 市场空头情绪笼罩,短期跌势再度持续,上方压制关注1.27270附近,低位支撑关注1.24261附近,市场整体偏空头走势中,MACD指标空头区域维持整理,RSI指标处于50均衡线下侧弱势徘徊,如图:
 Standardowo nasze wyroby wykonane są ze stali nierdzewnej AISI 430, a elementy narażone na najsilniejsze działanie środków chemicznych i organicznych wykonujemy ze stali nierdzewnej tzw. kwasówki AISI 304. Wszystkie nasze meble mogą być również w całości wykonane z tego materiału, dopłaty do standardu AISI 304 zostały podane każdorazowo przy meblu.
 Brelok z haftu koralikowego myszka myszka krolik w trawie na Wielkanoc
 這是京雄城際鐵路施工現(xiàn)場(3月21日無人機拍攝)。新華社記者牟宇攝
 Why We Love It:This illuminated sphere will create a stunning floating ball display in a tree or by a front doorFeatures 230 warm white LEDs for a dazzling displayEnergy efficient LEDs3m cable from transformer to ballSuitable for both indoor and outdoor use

☆ ☆ ☆ ☆

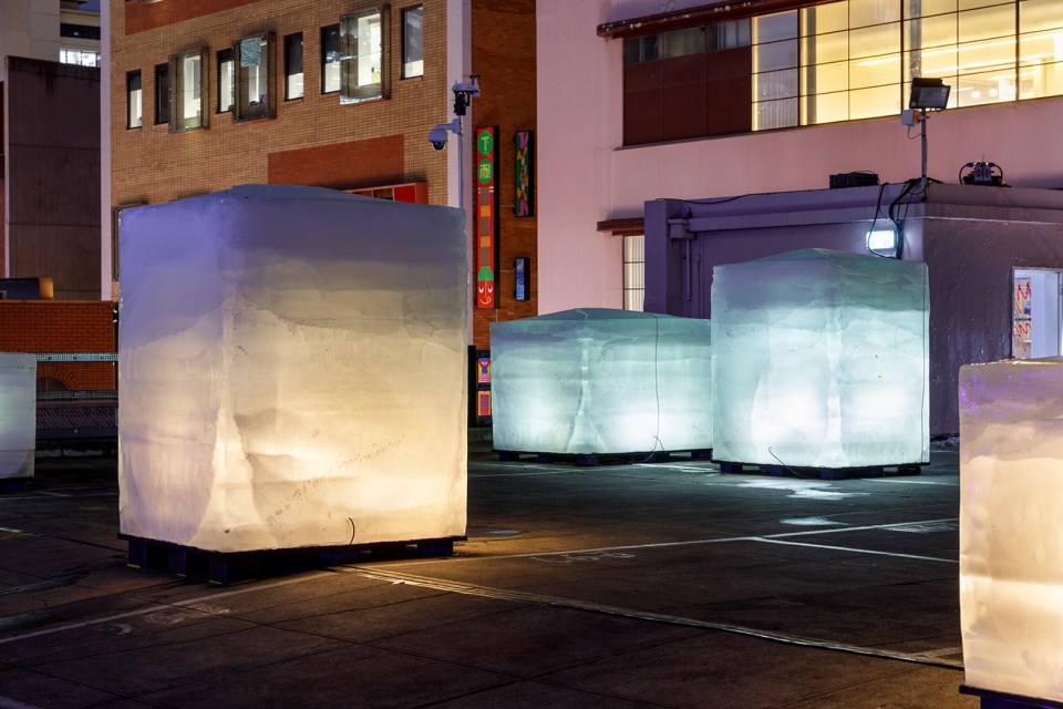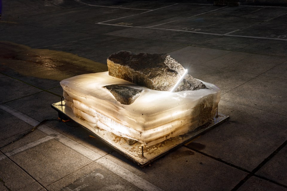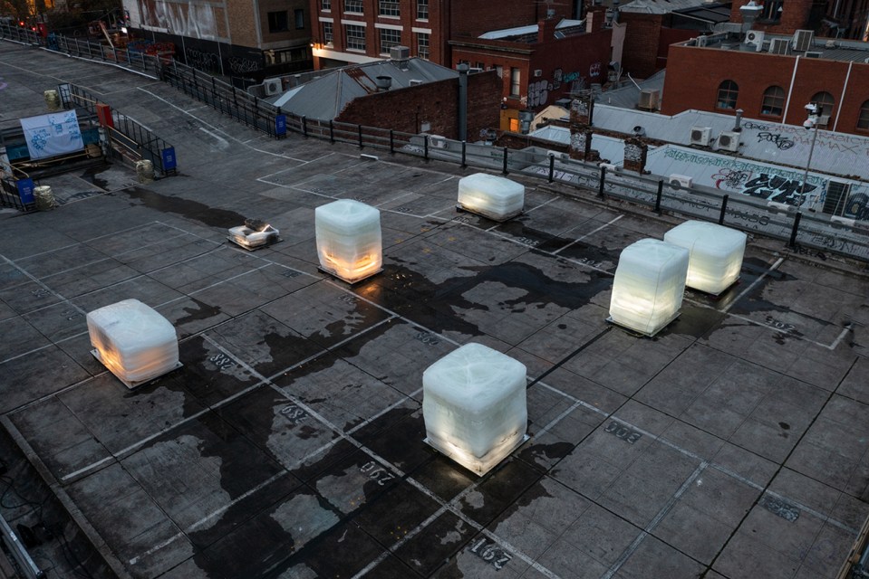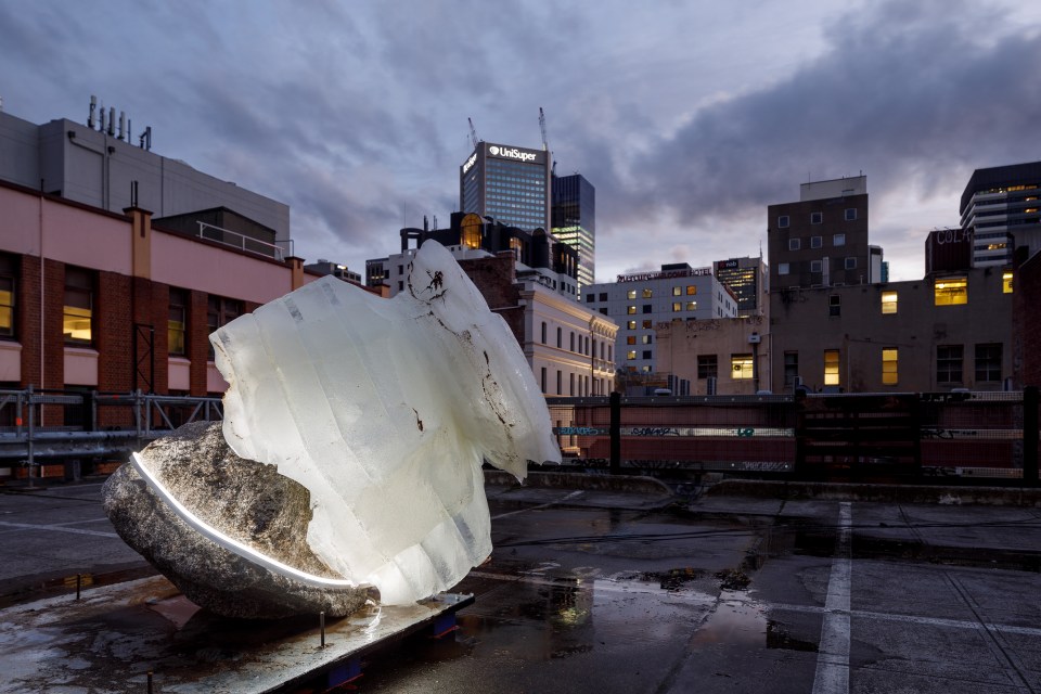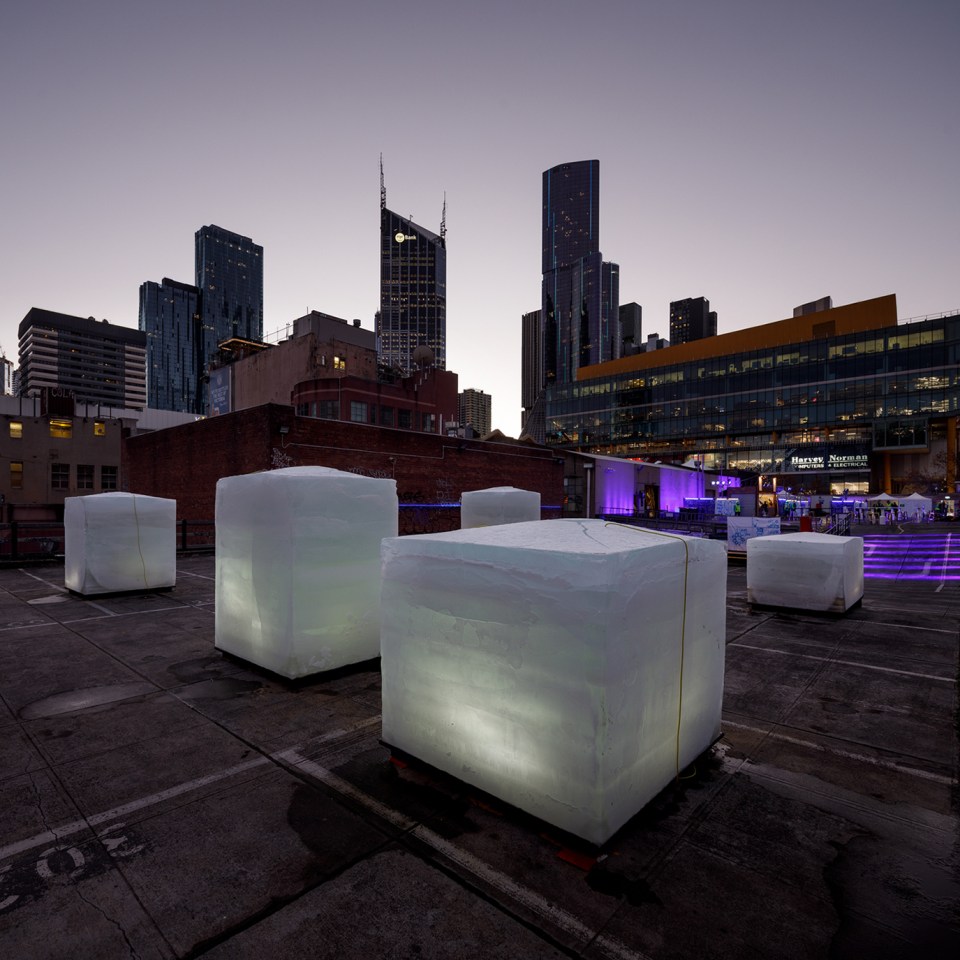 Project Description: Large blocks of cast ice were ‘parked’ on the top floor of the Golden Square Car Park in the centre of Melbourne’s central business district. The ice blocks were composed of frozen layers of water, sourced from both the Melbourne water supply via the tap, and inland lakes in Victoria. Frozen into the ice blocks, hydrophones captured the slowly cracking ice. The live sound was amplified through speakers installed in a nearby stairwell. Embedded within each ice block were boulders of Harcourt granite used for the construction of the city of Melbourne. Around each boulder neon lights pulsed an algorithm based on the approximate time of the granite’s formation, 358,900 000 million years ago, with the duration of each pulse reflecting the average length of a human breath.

☆ ☆ ☆ ☆

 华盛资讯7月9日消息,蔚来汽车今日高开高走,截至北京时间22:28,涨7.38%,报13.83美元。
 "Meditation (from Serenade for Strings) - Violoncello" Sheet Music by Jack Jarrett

☆ ☆ ☆ ☆

### YOUR ASSIGNMENT
Where the data above reaches the line holding "市场空头情绪笼罩,短期跌势再", begin printing, and stop after the line holding "Why We Love". Each line must be reproduced exactly, with nothing else added.

### COMPLETED EXERCISE
 市场空头情绪笼罩,短期跌势再度持续,上方压制关注1.27270附近,低位支撑关注1.24261附近,市场整体偏空头走势中,MACD指标空头区域维持整理,RSI指标处于50均衡线下侧弱势徘徊,如图:
 Standardowo nasze wyroby wykonane są ze stali nierdzewnej AISI 430, a elementy narażone na najsilniejsze działanie środków chemicznych i organicznych wykonujemy ze stali nierdzewnej tzw. kwasówki AISI 304. Wszystkie nasze meble mogą być również w całości wykonane z tego materiału, dopłaty do standardu AISI 304 zostały podane każdorazowo przy meblu.
 Brelok z haftu koralikowego myszka myszka krolik w trawie na Wielkanoc
 這是京雄城際鐵路施工現(xiàn)場(3月21日無人機拍攝)。新華社記者牟宇攝
 Why We Love It:This illuminated sphere will create a stunning floating ball display in a tree or by a front doorFeatures 230 warm white LEDs for a dazzling displayEnergy efficient LEDs3m cable from transformer to ballSuitable for both indoor and outdoor use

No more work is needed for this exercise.